> [REQUIRED ACTION] For the records that follow, please set down exactly the lines between the one holding "Bissingers Dark Chocolate" and the one holding "打开心算王,看到9×9与19", inclusive, and only those.

> [RECORDED DATA]
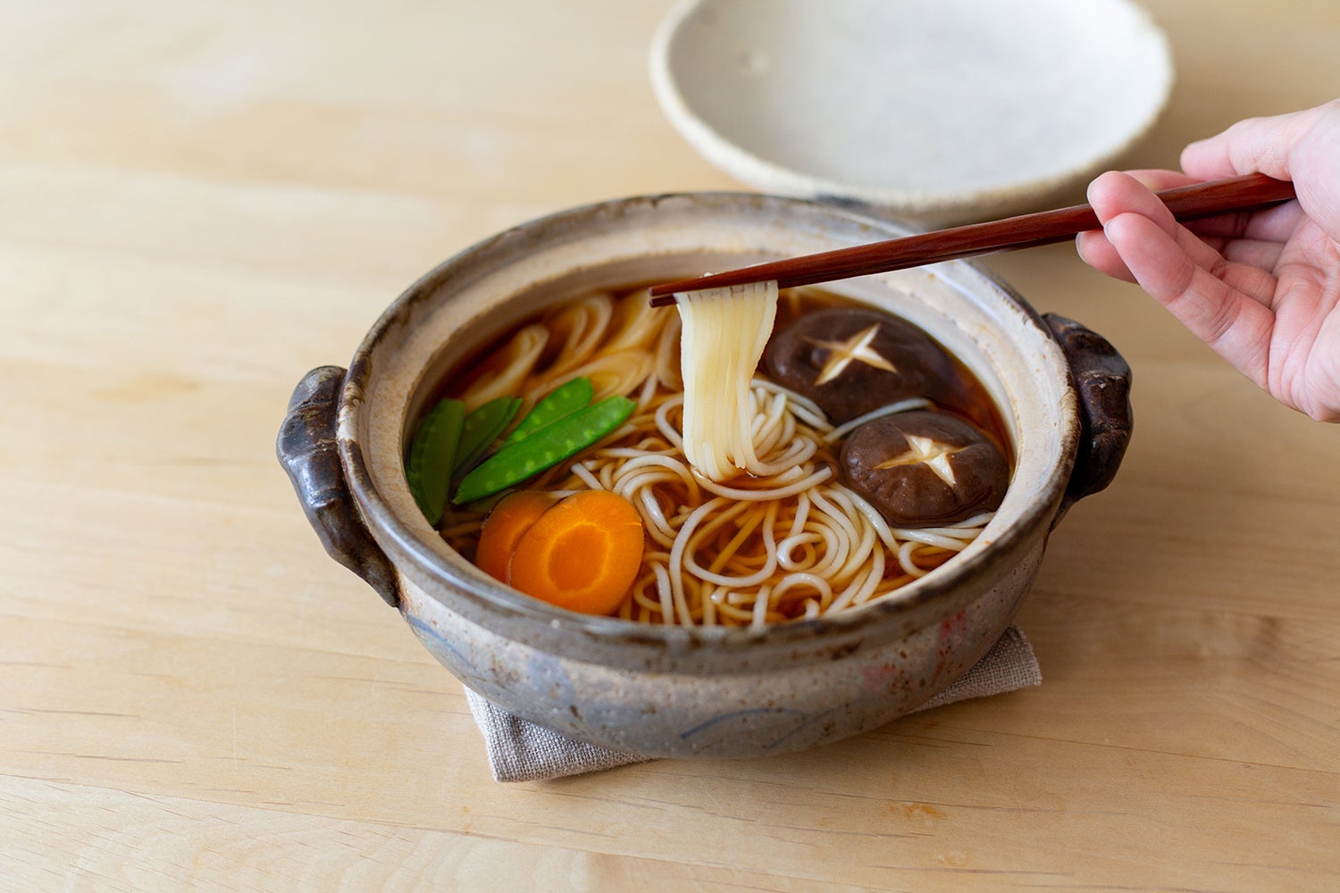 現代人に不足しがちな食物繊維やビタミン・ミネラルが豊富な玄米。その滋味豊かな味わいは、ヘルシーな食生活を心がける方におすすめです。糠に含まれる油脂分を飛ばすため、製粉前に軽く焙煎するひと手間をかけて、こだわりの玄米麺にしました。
==
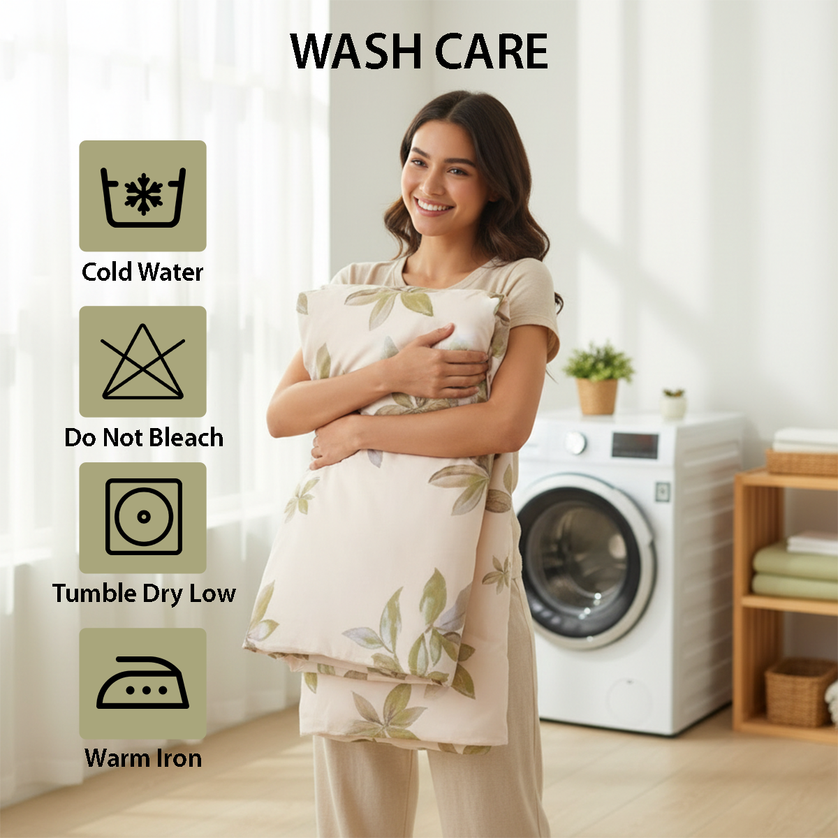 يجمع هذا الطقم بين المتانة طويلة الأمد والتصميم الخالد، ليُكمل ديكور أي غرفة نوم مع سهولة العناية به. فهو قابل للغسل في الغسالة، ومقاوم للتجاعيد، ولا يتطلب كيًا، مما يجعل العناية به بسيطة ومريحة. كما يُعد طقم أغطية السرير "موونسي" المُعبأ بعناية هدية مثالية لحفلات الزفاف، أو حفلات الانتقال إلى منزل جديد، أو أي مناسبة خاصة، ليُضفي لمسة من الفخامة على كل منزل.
* * *
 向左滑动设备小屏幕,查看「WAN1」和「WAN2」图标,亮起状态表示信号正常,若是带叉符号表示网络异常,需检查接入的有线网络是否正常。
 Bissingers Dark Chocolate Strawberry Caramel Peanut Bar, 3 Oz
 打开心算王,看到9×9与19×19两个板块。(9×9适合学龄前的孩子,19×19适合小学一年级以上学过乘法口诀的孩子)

> [RESPONSE TO THIS EXERCISE]
 Bissingers Dark Chocolate Strawberry Caramel Peanut Bar, 3 Oz
 打开心算王,看到9×9与19×19两个板块。(9×9适合学龄前的孩子,19×19适合小学一年级以上学过乘法口诀的孩子)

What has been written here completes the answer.